The entries below contain pictures, which are to be left out; write out exactly, and only, the lines from the line with "Кляп-кольцо на чёрных" up to and including the line with "Effortlessly elevate your".
Records for this exercise: Begin
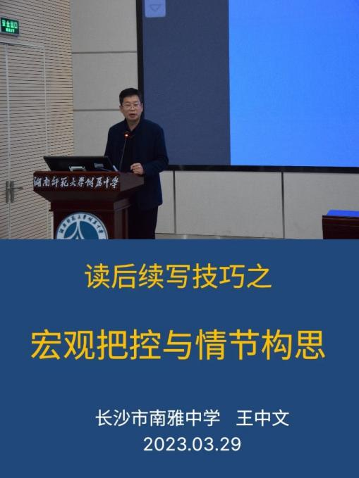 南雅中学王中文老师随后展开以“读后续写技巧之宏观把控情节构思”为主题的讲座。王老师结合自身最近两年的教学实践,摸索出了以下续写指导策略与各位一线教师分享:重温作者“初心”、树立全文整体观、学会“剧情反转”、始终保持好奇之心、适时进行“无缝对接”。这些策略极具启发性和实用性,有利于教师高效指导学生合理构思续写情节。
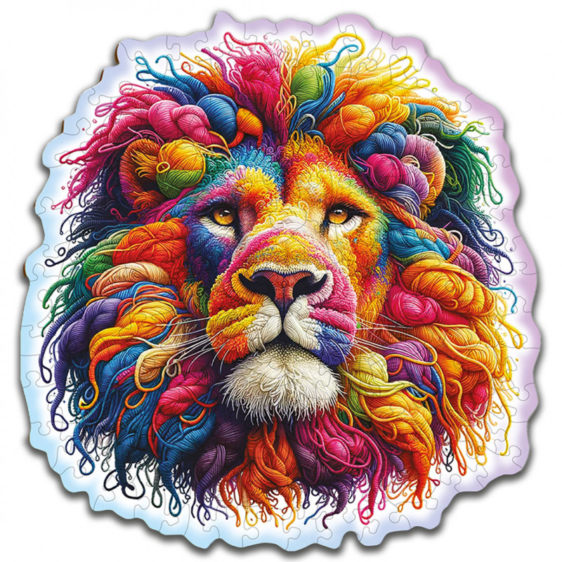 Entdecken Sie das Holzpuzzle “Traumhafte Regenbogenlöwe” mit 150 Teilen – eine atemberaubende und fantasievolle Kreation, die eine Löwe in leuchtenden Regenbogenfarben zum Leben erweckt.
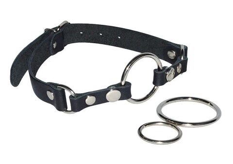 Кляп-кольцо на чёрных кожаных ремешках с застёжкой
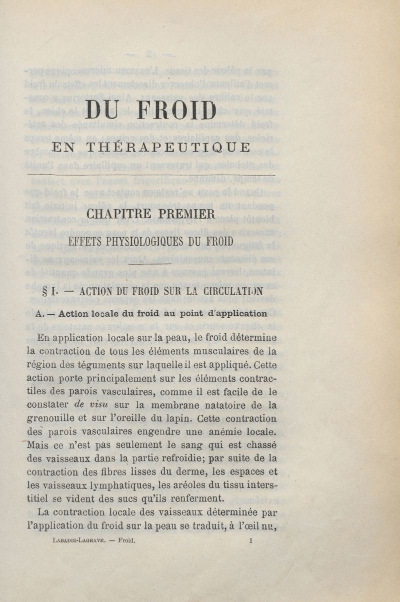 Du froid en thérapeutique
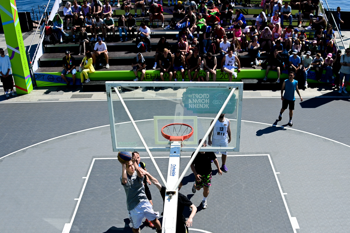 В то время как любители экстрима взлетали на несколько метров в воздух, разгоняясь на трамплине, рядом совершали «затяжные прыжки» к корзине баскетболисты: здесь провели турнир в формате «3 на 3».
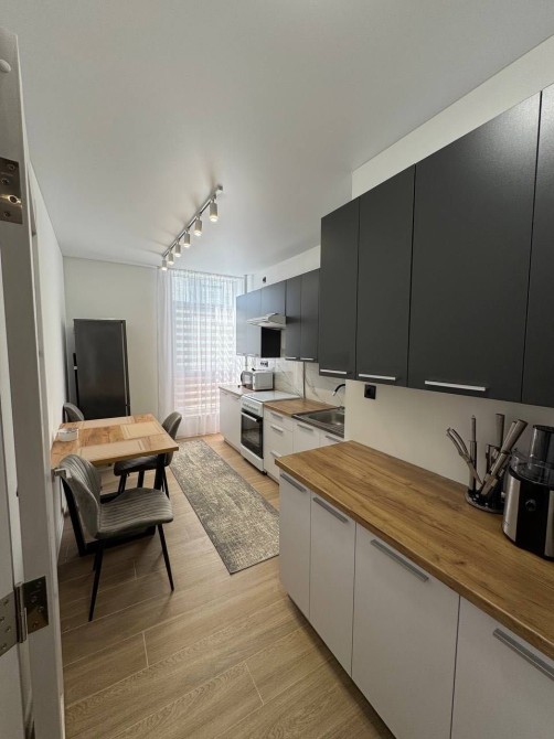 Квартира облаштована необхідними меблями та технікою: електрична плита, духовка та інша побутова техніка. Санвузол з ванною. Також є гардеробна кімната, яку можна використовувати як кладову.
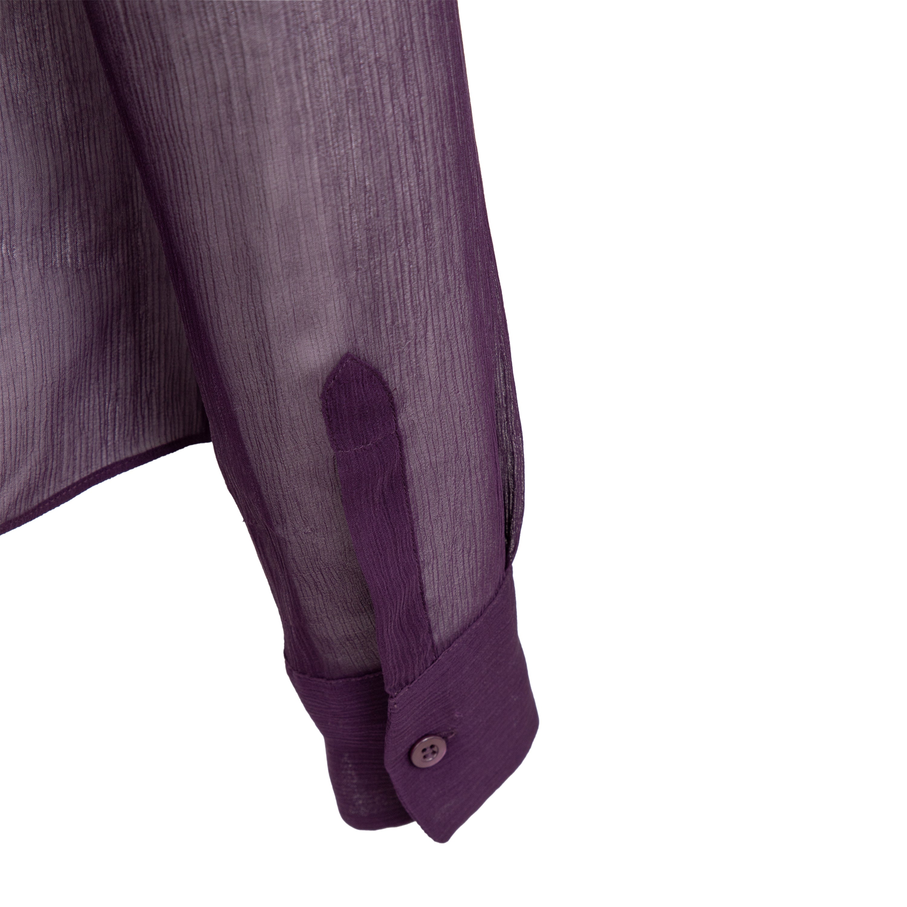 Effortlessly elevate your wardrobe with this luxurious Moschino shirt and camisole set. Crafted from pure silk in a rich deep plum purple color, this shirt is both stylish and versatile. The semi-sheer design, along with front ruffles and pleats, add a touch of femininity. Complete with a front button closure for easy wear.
Records for this exercise: End
Records for this exercise: Begin
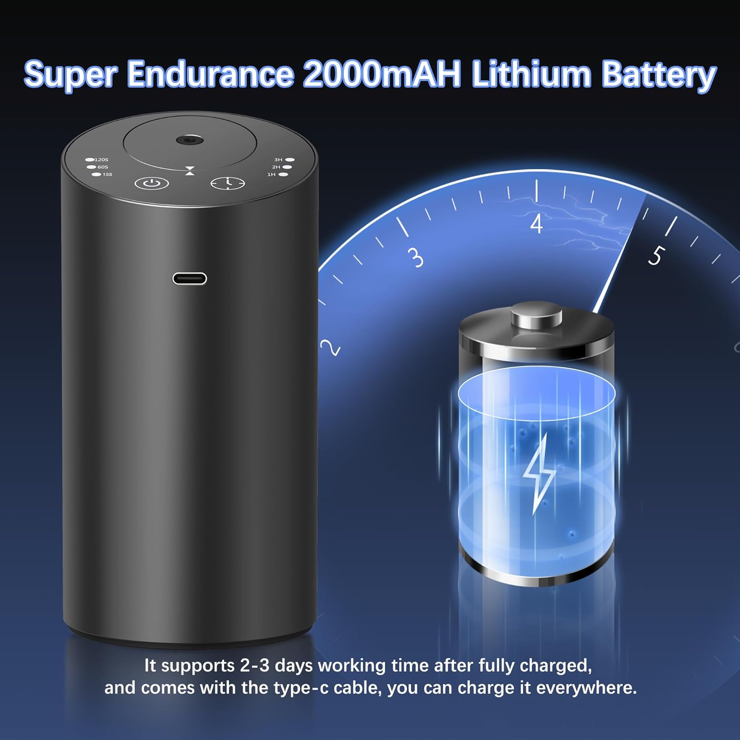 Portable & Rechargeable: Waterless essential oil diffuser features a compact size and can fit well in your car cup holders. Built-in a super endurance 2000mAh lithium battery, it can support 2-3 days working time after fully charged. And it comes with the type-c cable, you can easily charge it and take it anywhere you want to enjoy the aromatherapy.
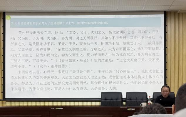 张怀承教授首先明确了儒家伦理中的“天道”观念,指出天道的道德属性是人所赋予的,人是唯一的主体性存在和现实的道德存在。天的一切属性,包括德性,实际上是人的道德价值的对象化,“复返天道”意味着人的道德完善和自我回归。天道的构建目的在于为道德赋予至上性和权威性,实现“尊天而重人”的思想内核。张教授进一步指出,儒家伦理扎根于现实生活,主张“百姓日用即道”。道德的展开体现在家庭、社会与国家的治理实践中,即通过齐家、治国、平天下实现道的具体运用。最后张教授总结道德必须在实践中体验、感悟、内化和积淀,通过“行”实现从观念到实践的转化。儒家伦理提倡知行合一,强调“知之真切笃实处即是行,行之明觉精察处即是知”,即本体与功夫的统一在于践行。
Records for this exercise: End
* **Response to the task**
 Кляп-кольцо на чёрных кожаных ремешках с застёжкой
 Du froid en thérapeutique
 В то время как любители экстрима взлетали на несколько метров в воздух, разгоняясь на трамплине, рядом совершали «затяжные прыжки» к корзине баскетболисты: здесь провели турнир в формате «3 на 3».
 Квартира облаштована необхідними меблями та технікою: електрична плита, духовка та інша побутова техніка. Санвузол з ванною. Також є гардеробна кімната, яку можна використовувати як кладову.
 Effortlessly elevate your wardrobe with this luxurious Moschino shirt and camisole set. Crafted from pure silk in a rich deep plum purple color, this shirt is both stylish and versatile. The semi-sheer design, along with front ruffles and pleats, add a touch of femininity. Complete with a front button closure for easy wear.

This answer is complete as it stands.